Most people’s first reaction to the Charlie Hebdo massacre was sympathy and solidarity in face of an assault on our liberty. But from British government, the second reaction was a call for new surveillance powers. David Cameron appeared to declare war on encryption, asking if ‘we want to allow a means of communication between two people which, even in extremis with a signed warrant from the home secretary personally, that we cannot read?’ Cameron’s answer was ‘no, we must not. The first duty of any government is to keep our country and our people safe’.


Cameron’s demand seems initially reasonable. Why shouldn’t the Home Secretary get access to messages when there’s a warrant? I asked Ben Laurie, founding director of The Apache Software Foundation, and a cryptologist who works on Internet security technologies, including SSL, for his thoughts about the apparent battle between government and security technologists.

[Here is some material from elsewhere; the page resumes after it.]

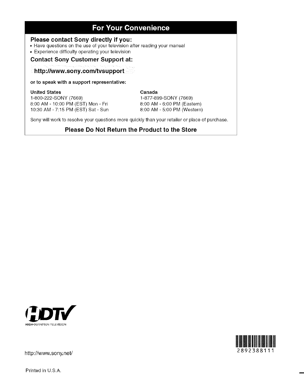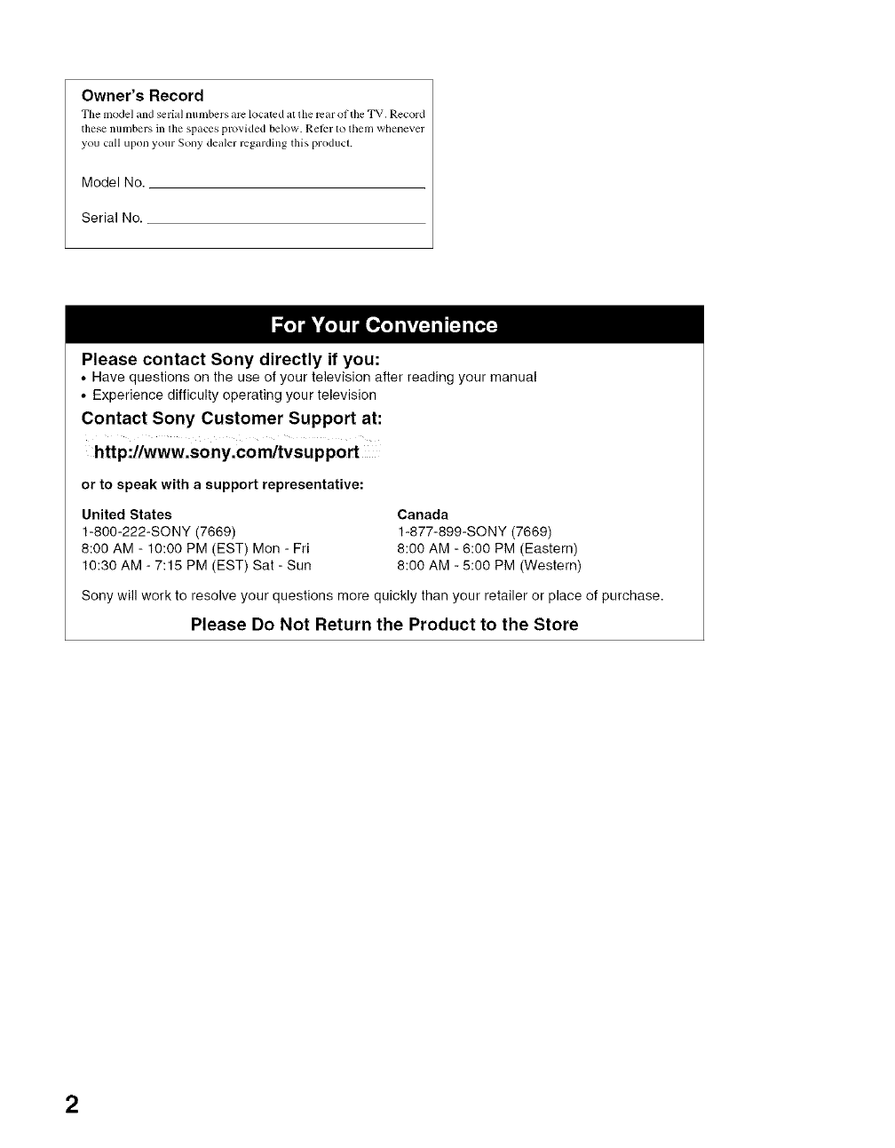 Sony will work to resolveyour questions more quickly than your retailer or place of purchase.

Laurie says, ‘It’s a bit like asking: “Why shouldn’t the Home Office be able, with a warrant, to tell buildings not to fall on people?” It’s physics. Court orders are apparently going to magically enable a technology that means access would only take place when a court order is presented.’ But any such system would mean that ‘whatever you do, there would be a backdoor that anyone could use, which would be particularly dangerous when you’re trying to protect people, and the backdoor is being used by your enemies rather than your friends’.

So why are politicians demanding the impossible? ‘Politicians are the public too,’ says Laurie. ‘They don’t have any special ability to understand these things, and the people that brief them don’t have any motivation to tell them the downsides. I’m sure that GCHQ and the NSA are advising Cameron that it will work without problems.’

I put it to Laurie that Cameron might hope to use his ‘reasonable’ position of principle to push Internet platforms such as WhatsApp, and to stop providing ‘end-to-end’ encryption, where people can talk to each other, but the service can’t listen to them. ‘The best approach,’ says Laurie, ‘would have been not to pull the stunts that Edward Snowden showed they were pulling. Does Cameron not realise the US companies now hate GCHQ?’

Laurie thinks US tech companies are likely to resist pressure for general agreements to spy on users and hand over data. He observes that, for the most part, agencies want metadata – the who, when and how of your communications – which is often accessible by tech companies, even when content isn’t accessible. Even so, companies have been doing much more to protect user privacy since the Snowden revelations, which in turn is annoying agencies that have become used to being able to access the content and data of personal communications in bulk. So what’s driving this change?

‘It’s a combination of outspoken user desire and a commercial desire to capitalise on Snowden,’ says Laurie. ‘Snowden has shaken loose a lot of funding for privacy tech and public paranoia.’ These privacyfriendly changes go further than a few commercial applications. There’s renewed interest in creating new, secure technologies. He points to efforts to make the metadata from communications hard to gather.

‘The push is the same as for encryption in general; people don’t want to be spied on. The wake of the Snowden revelations is that people are realising that metadata is the only data that actually matters, and it’s being collected on a huge scale, which makes people angry. That said, it’s actually quite difficult to obscure metadata, so I’m not sure how successful that’s going to be, but that’s the way people seem to be pushing. If you look at the latest generation of messaging systems, such as Pond and BitMessage, they’re designed to try make it impossible to know who is talking to whom.’

Other systems concentrate on protecting your address books, and providing methods to let you know that your friends are online, without revealing this information to the security agencies. Are they commercial or non-commercial?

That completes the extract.